The Ultra Wealthy Dream of Fintech Unicorns
“Latin America is known for its mambo and salsa dance styles, but there’s something else shaking up the region”… (Salas, 2022)
Could anything good come after this opening line?
FINTECH.
Fintech is short for Financial Technology, and investors are claiming it will be the solution to income inequality. It includes online banking, cryptocurrency, crowdfunding, stocktrading apps, mobile payments, and so on, as tools for “financial inclusion” of economically marginalized people. The ultra wealthy have the ability to convince themselves, and those around them, that what poor people need to get out of poverty is something a venture capitalist can offer. And what’s hotter in venture capitalism than tech giants in Silicon Valley?
New apps and online banking inventions are being sold in Latin America as the solution to all our money problems — making transactions quicker and cheaper — as if the problem with poor people’s finances was lack of tools to manage money, not lack of money.
This month, Forbes.com published a hopeful article about how fintech can be a solution for income inequality called “Fintech Leaps Forward In Latin America”, written by Sean Salas, CEO of an online financial service company based in Los Angeles. Camino Financial, his company, has a website which bans visits from my region of Brazil — my IP address is blocked, but a VPN overrides the ban.

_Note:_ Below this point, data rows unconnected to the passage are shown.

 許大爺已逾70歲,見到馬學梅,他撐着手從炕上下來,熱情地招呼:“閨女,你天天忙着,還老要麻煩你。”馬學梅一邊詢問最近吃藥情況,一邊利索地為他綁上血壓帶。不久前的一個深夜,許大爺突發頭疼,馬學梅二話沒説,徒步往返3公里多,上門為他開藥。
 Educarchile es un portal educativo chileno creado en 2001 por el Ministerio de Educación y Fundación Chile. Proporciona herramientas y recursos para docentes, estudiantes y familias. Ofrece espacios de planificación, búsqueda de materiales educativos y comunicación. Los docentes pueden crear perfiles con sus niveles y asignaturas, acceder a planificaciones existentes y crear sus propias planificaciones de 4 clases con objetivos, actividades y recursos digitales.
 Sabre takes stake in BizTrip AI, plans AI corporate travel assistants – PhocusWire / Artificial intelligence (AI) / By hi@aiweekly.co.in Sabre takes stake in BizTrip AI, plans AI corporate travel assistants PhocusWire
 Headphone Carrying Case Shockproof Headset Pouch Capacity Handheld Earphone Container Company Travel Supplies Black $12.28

According to the US Department of the Treasury, internet-based financial service companies, like his, “developed Internet Protocol (IP) address blocking procedures” to unsuccessfully address the “firm’s compliance risks”. Banning IP addresses from certain geographical regions can be done if they want to comply with US sanction policies, or “satisfy their due diligence requirements” (US Department of the Treasury, 2004).

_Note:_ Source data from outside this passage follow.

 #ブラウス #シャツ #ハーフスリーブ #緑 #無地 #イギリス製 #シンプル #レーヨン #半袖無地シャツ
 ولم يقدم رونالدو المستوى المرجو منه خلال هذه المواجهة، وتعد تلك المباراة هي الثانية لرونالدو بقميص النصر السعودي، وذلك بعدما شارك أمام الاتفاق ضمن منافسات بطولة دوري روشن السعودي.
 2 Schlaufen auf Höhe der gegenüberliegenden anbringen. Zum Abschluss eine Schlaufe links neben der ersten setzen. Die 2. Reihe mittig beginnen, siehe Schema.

In other words, the man who argued for the revolutionary nature of fintech in Latin America is also CEO of a financial enterprise which bans website visitors from certain locations in Latin America. Of all people, he knows first-hand how the internet, specifically Internet-based financial services, have severe potential to become inaccessible, restrictive, and expensive — just as banks are now.

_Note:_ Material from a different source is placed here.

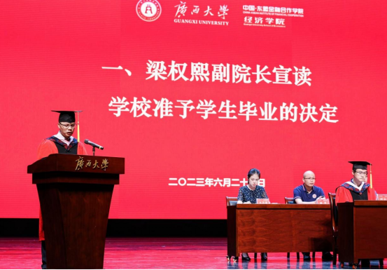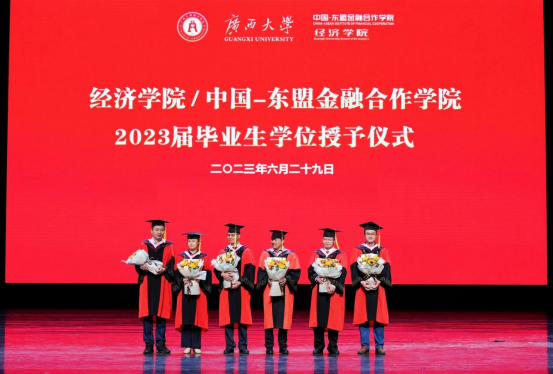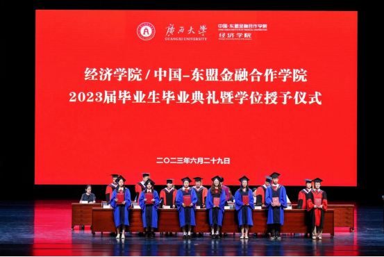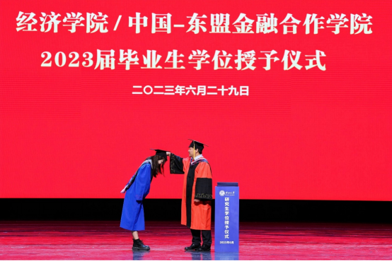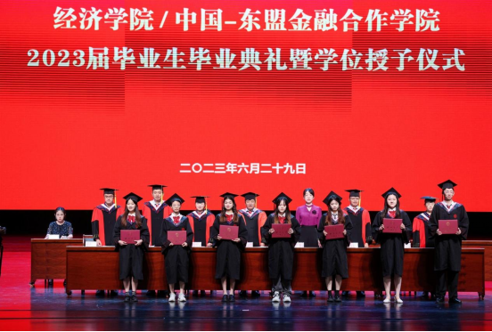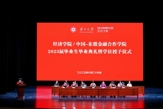 最后,全体师生齐声合唱校歌。在“勤恳朴诚,厚学致新,为祖国奋斗到底!”的嘹亮歌声中,英国上市公司365经济学院/中国-东盟金融合作学院2023届毕业典礼暨学位授予仪式落下帷幕。
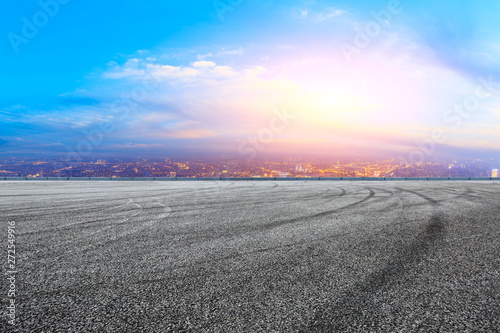 © ABCDstock, Fototapeta premium Empty road and modern city skyline in Shanghai,China

“Five banks control over 80% of every financial product in Brazil. Combined these banks have become the most profitable in the world. If you see the interest rates and fees consumers pay for these products it’s extremely expensive.” (Salas, 2022)
What can we do to ensure we are truly solving the problem of banks, and not just transferring the problem to the internet? By demanding dignity to all people, first and foremost. Is your local venture capitalist paying their workers a living wage?
These shiny new gadgets will keep us entertained and distracted for some time, but it will certainly not solve the real problem here: working people around the globe are not getting paid enough. Wealthy people hoard their wealth by not paying workers a living wage, and until that changes, this belief in meritocracy will continue to disappoint.
To be at the “Forefront of Financial Inclusion” is to properly remunerate workers, and to provide every citizen with basic health needs and education — not to provide modern ways for poor people to feel broke and inadequate. In this sense, Fintech “Unicorns” is a fitting term for these ventures, because they are clearly out of touch with reality.
Surely, they are useful, since they can be used imaginatively (especially during a pandemic which requires social distancing), but let’s not oversell them. We still unquestionably have a much bigger issue at hand: people are homeless, hungry and dying while oligarchs wage war, obliterate forests and go to Space. In fact, some of these oligarchs probably have their toes in the fintech pool.
Latin America is known for a lot more than just beats and swinging hips. We are known for incredible biodiversity, stunning nature, indigenous resilience in face of colonialist exploitation and the spiritual power of the African Diaspora. If Fintech entrepreneurs don’t acknowledge the need to worship and protect this legacy, their contributions to the Latin American landscape will be puny.
Sources:
Salas, Sean. (2022) “Fintech Leaps Forward In Latin America” <https://www.forbes.com/sites/seansalas/2022/03/10/fintech-leaps-forward-in-latin-america/>
US Department of the Treasury. (2004) “Compliance For Internet, Web Based Activities, And Personal Communications” <https://home.treasury.gov/policy-issues/financial-sanctions/faqs/73>
Mirna Wabi-Sabi
is a writer, editor, and translator from Brazil. She is the founder of the Plataforma9 initiative and the author of the bilingual pocket book Anarcho-Transcreation (Anarco-Transcriação).